Der digitale Innenraum: MBUX und Elektronik
Das Herzstück der W177 A-Klasse ist das MBUX-Infotainment-System. Es ist optisch beeindruckend, war aber besonders in den ersten beiden Produktionsjahren (2018-2019) anfällig für Software-Abstürze, schwarze Bildschirme und fehlerhafte Sprachsteuerung.
Prüfen Sie bei einer Probefahrt unbedingt, ob alle Touch-Funktionen am Lenkrad und auf dem Display flüssig reagieren. Ein Austausch der Display-Einheit außerhalb der Garantie kann mehrere tausend Euro kosten.
- Achten Sie auf Pixelfehler in den großen Glasdisplays.
- Prüfen Sie, ob das Smartphone-Interface (CarPlay/Android Auto) stabil läuft.
- Testen Sie das Touchpad in der Mittelkonsole auf haptisches Feedback.
Antrieb und Motoren: Die Renault-Kooperation
Viele Käufer sind überrascht zu erfahren, dass der 1,33-Liter-Benziner im A180 und A200 (M282) in Kooperation mit Renault entwickelt wurde. Er ist ein sparsamer Motor, kann aber im Kaltstart etwas rau klingen. Die größeren 2,0-Liter-Motoren (A220/A250) sind reine Mercedes-Entwicklungen und bieten mehr Souveränität.
Die Dieselmodelle (A180d/A200d/A220d) sind exzellente Langstreckenläufer. Achten Sie bei Fahrzeugen mit hoher Laufleistung auf den Zustand des Partikelfilters und Anzeichen von Undichtigkeiten am Abgaskrümmer.
- Vermeiden Sie Fahrzeuge mit lückenhaftem Ölwechsel-Nachweis beim M282 Motor.
- Das 7G-DCT Getriebe sollte sanft und ohne Ruckeln schalten.
- Prüfen Sie bei Hybrid-Modellen (A250e) die Ladeports auf Korrosion.

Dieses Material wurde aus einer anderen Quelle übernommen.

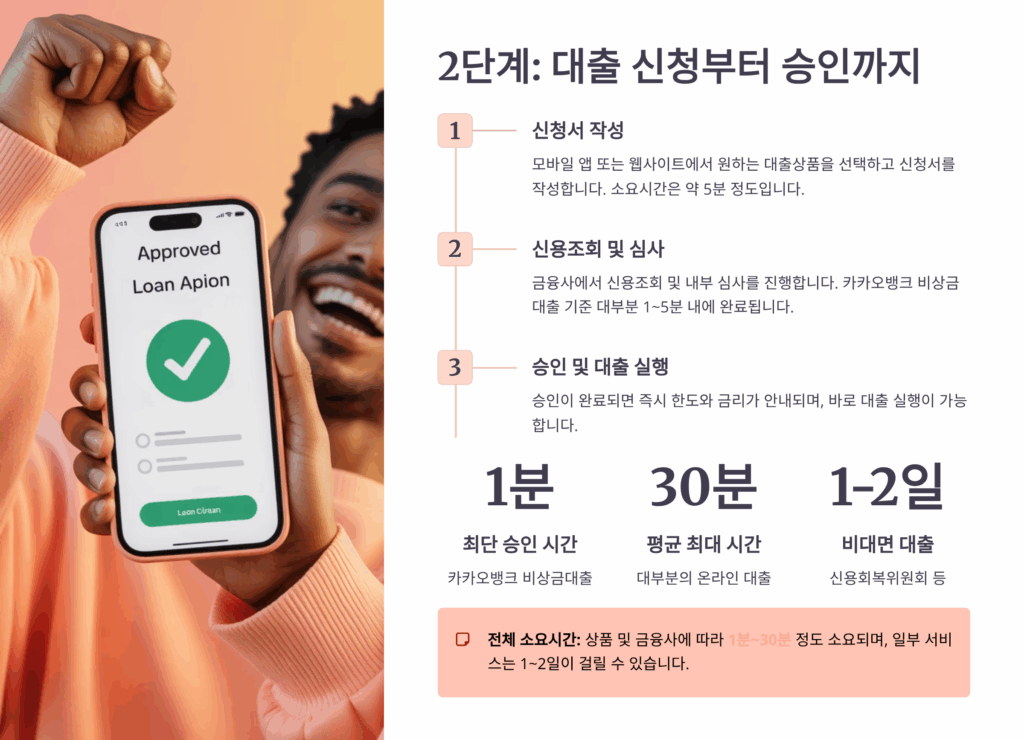 본인인증부터 최종 승인까지 걸리는 시간은 금융사와 상품에 따라 천차만별이에요. 인터넷전문은행은 평균 30분, 저축은행은 1~2시간, 캐피탈은 2~4시간 정도 걸린답니다. 하지만 이건 어디까지나 평균이고, 개인 신용도와 제출 서류에 따라 달라져요.
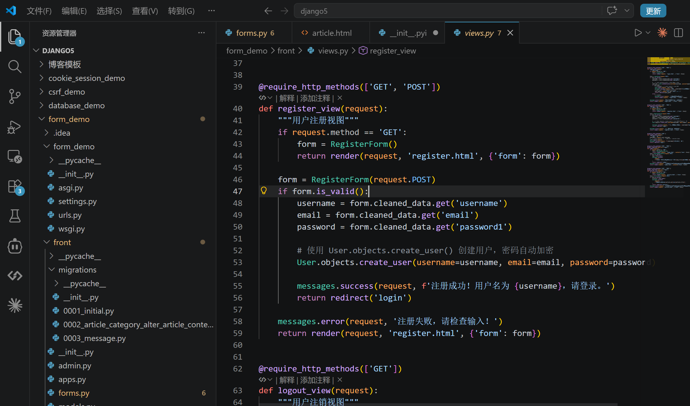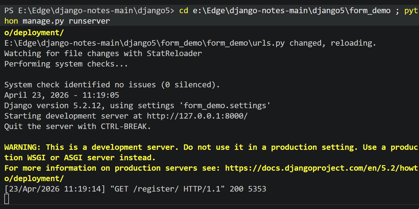 - 打开浏览器访问 http://127.0.0.1:8000/register/

Verarbeitung und Karosserie
Obwohl Mercedes ein Premium-Hersteller ist, gibt es Berichte über Knister- und Knarzgeräusche im Bereich der Lüftungsdüsen und der Türverkleidungen bei frühen W177-Modellen. Auch die Windgeräusche ab 130 km/h können bei manchen Fahrzeugen aufgrund schlecht sitzender Türdichtungen überdurchschnittlich hoch sein.
- Drücken Sie leicht gegen die Mittelkonsole, um auf Knarzgeräusche zu prüfen.
- Kontrollieren Sie die Spaltmaße an der Motorhaube und den Scheinwerfern.
- Achten Sie auf Feuchtigkeit in den Rückleuchten.